Innovation and autocracy

I’ve long believed that innovation is never just about (or even) about new ideas, funky office spaces, flat hierarchies, skunks works ventures or ‘open-ended’ brainstorming sessions. Instead it’s about structure, process and culture – and, ultimately, leadership.

This piece on a HBR blog by Simon Rucker articulates this view quite well:

I’ve been advising organizations on transformational innovation for a decade now, and in my opinion, the lack of a singular, visionary — and frankly autocratic — someone in charge is one of the biggest reasons why transformational initiatives lose focus, seek the lowest common denominator, and ultimately fall short.

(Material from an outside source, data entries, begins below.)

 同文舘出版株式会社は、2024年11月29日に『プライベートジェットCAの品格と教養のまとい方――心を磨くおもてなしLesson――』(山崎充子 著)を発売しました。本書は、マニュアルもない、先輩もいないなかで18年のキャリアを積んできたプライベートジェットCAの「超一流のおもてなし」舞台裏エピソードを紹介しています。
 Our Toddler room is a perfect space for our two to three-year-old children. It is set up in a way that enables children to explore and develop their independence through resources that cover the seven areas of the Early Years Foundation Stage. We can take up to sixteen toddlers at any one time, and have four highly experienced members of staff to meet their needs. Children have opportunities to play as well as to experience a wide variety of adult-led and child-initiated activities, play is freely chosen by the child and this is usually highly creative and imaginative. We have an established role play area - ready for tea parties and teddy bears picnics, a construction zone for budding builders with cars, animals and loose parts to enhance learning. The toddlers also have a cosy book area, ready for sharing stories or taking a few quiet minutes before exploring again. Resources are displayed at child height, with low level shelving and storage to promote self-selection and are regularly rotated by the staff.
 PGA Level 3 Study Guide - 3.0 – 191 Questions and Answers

Steve Jobs clearly wasn’t the easiest of people to work with. But he was the sort of
brilliant, visionary, entrepreneurial individual organizations need, now more than ever.
The real challenge for organizations trying to innovate transformationally is not finding better insights or developing better intellectual property. The real challenge is providing the type of structure, resources, governance, and culture that actually enable the abrasive, original Steve Jobses of the world to do what they’re great at.

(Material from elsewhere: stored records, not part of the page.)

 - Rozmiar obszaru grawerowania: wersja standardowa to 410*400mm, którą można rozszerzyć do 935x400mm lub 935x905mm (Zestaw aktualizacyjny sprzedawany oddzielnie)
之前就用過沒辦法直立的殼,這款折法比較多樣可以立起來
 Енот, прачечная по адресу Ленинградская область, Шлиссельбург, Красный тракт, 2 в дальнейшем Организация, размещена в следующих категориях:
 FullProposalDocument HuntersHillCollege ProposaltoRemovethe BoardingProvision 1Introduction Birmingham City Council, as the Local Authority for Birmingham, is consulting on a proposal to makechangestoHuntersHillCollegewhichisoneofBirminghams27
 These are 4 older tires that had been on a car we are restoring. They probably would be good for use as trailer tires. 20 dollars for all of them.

And that is a transformation that most modern organizations are seemingly unable to make.

However, I think he probably puts the cart before the horse. What’s becoming clearer as anatomies of Jobs’ leadership come to the surface is that he fashioned a highly autocratic and disciplined organisation that allow his creative vision to be realised. Many other companies entrust the work of innovation to the wider workforce but then don’t have the structural form or cultural norms in place to harness it. Ideas flourish but focus is never realised. Oceans of innovative thinking sit unconstrained throughout an organisation but there’s no organisational form to contain and channel it.

The genius of Jobs was his discipline not his creativity.